Only one span of the listing below should come back. It runs from the line with "วันที่ 6 พฤษภาคม" through the line with "天长市保利峰金属制品有限公司2025年职业病危害因素定期检测报告", and each of its lines must be reproduced exactly.
-------- Records --------
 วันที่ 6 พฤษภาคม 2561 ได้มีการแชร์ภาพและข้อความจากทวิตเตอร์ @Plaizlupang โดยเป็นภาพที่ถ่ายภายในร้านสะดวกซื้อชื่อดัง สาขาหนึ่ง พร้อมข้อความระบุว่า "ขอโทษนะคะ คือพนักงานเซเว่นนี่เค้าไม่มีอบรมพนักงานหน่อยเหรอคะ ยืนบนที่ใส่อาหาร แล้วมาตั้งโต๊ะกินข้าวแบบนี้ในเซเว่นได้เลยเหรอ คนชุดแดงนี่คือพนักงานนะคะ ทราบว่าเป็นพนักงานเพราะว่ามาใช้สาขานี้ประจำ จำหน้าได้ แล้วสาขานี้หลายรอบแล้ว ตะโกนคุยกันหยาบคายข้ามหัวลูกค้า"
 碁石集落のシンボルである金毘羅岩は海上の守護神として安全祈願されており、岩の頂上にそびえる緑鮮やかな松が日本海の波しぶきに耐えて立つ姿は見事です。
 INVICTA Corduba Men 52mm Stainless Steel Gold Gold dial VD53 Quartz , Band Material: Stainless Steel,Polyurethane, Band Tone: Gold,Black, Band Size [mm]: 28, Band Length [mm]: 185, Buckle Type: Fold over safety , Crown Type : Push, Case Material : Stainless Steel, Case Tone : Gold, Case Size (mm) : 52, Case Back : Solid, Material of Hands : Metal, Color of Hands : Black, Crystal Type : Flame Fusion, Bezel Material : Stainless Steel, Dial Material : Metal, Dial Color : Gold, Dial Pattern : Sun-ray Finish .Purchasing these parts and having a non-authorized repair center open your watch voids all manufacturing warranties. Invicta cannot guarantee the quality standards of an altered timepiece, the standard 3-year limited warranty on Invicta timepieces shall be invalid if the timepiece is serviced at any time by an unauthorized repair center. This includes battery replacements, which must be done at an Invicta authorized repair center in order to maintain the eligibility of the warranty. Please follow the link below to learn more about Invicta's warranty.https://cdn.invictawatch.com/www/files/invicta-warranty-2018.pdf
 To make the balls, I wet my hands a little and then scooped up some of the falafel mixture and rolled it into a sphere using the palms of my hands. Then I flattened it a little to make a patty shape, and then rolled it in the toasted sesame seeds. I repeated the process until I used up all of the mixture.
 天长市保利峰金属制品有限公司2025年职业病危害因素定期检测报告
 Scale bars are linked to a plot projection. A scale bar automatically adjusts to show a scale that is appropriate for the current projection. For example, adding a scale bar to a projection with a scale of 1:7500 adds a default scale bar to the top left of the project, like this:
--------
-------- Records --------
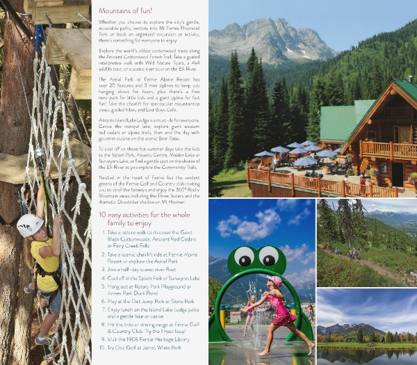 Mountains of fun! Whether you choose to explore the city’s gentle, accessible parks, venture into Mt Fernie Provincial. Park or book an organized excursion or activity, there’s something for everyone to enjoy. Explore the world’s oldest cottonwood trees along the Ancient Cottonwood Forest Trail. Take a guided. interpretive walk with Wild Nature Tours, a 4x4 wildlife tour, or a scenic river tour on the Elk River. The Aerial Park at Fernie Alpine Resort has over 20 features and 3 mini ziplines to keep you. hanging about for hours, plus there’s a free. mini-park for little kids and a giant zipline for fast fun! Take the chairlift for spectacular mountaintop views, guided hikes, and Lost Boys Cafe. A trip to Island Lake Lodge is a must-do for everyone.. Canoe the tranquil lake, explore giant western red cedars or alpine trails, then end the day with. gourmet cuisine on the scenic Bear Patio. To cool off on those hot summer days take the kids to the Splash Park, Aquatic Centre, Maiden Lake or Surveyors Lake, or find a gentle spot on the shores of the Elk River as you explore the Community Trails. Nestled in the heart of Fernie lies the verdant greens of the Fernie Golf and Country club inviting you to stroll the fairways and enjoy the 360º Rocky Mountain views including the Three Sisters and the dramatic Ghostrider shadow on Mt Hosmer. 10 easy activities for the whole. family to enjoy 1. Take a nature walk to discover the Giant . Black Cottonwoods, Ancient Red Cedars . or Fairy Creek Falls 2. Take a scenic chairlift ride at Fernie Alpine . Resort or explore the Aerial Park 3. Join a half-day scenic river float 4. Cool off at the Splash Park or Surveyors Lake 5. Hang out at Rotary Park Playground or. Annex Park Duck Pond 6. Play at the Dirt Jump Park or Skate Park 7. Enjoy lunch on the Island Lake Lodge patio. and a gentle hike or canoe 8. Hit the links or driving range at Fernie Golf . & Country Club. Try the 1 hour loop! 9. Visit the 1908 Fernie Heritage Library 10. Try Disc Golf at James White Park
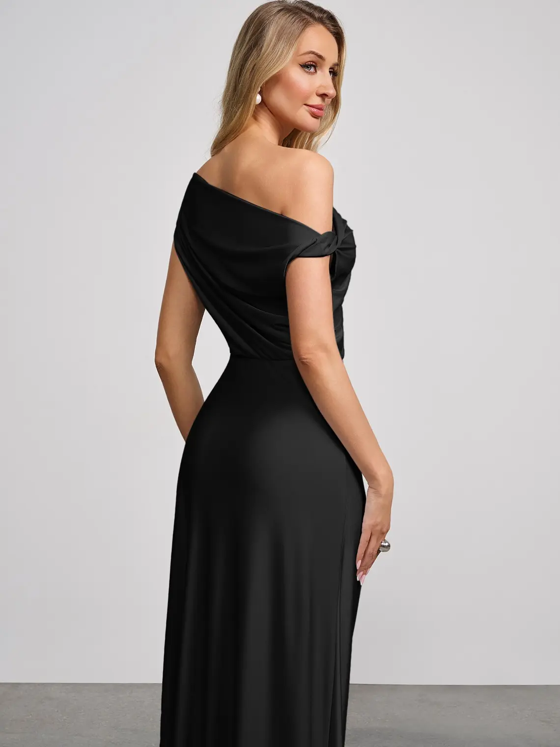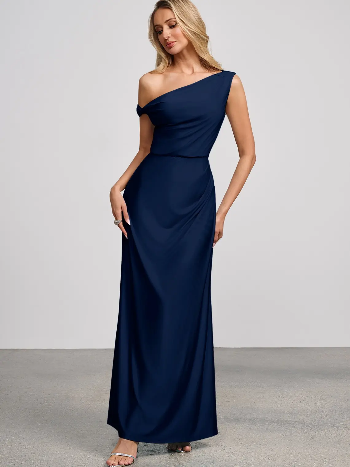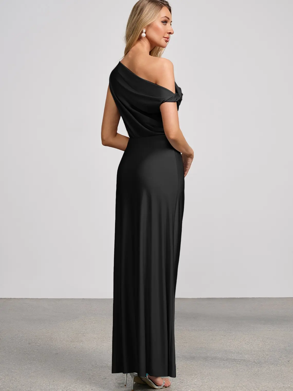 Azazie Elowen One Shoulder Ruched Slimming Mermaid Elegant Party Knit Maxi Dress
--------
Solution:
 วันที่ 6 พฤษภาคม 2561 ได้มีการแชร์ภาพและข้อความจากทวิตเตอร์ @Plaizlupang โดยเป็นภาพที่ถ่ายภายในร้านสะดวกซื้อชื่อดัง สาขาหนึ่ง พร้อมข้อความระบุว่า "ขอโทษนะคะ คือพนักงานเซเว่นนี่เค้าไม่มีอบรมพนักงานหน่อยเหรอคะ ยืนบนที่ใส่อาหาร แล้วมาตั้งโต๊ะกินข้าวแบบนี้ในเซเว่นได้เลยเหรอ คนชุดแดงนี่คือพนักงานนะคะ ทราบว่าเป็นพนักงานเพราะว่ามาใช้สาขานี้ประจำ จำหน้าได้ แล้วสาขานี้หลายรอบแล้ว ตะโกนคุยกันหยาบคายข้ามหัวลูกค้า"
 碁石集落のシンボルである金毘羅岩は海上の守護神として安全祈願されており、岩の頂上にそびえる緑鮮やかな松が日本海の波しぶきに耐えて立つ姿は見事です。
 INVICTA Corduba Men 52mm Stainless Steel Gold Gold dial VD53 Quartz , Band Material: Stainless Steel,Polyurethane, Band Tone: Gold,Black, Band Size [mm]: 28, Band Length [mm]: 185, Buckle Type: Fold over safety , Crown Type : Push, Case Material : Stainless Steel, Case Tone : Gold, Case Size (mm) : 52, Case Back : Solid, Material of Hands : Metal, Color of Hands : Black, Crystal Type : Flame Fusion, Bezel Material : Stainless Steel, Dial Material : Metal, Dial Color : Gold, Dial Pattern : Sun-ray Finish .Purchasing these parts and having a non-authorized repair center open your watch voids all manufacturing warranties. Invicta cannot guarantee the quality standards of an altered timepiece, the standard 3-year limited warranty on Invicta timepieces shall be invalid if the timepiece is serviced at any time by an unauthorized repair center. This includes battery replacements, which must be done at an Invicta authorized repair center in order to maintain the eligibility of the warranty. Please follow the link below to learn more about Invicta's warranty.https://cdn.invictawatch.com/www/files/invicta-warranty-2018.pdf
 To make the balls, I wet my hands a little and then scooped up some of the falafel mixture and rolled it into a sphere using the palms of my hands. Then I flattened it a little to make a patty shape, and then rolled it in the toasted sesame seeds. I repeated the process until I used up all of the mixture.
 天长市保利峰金属制品有限公司2025年职业病危害因素定期检测报告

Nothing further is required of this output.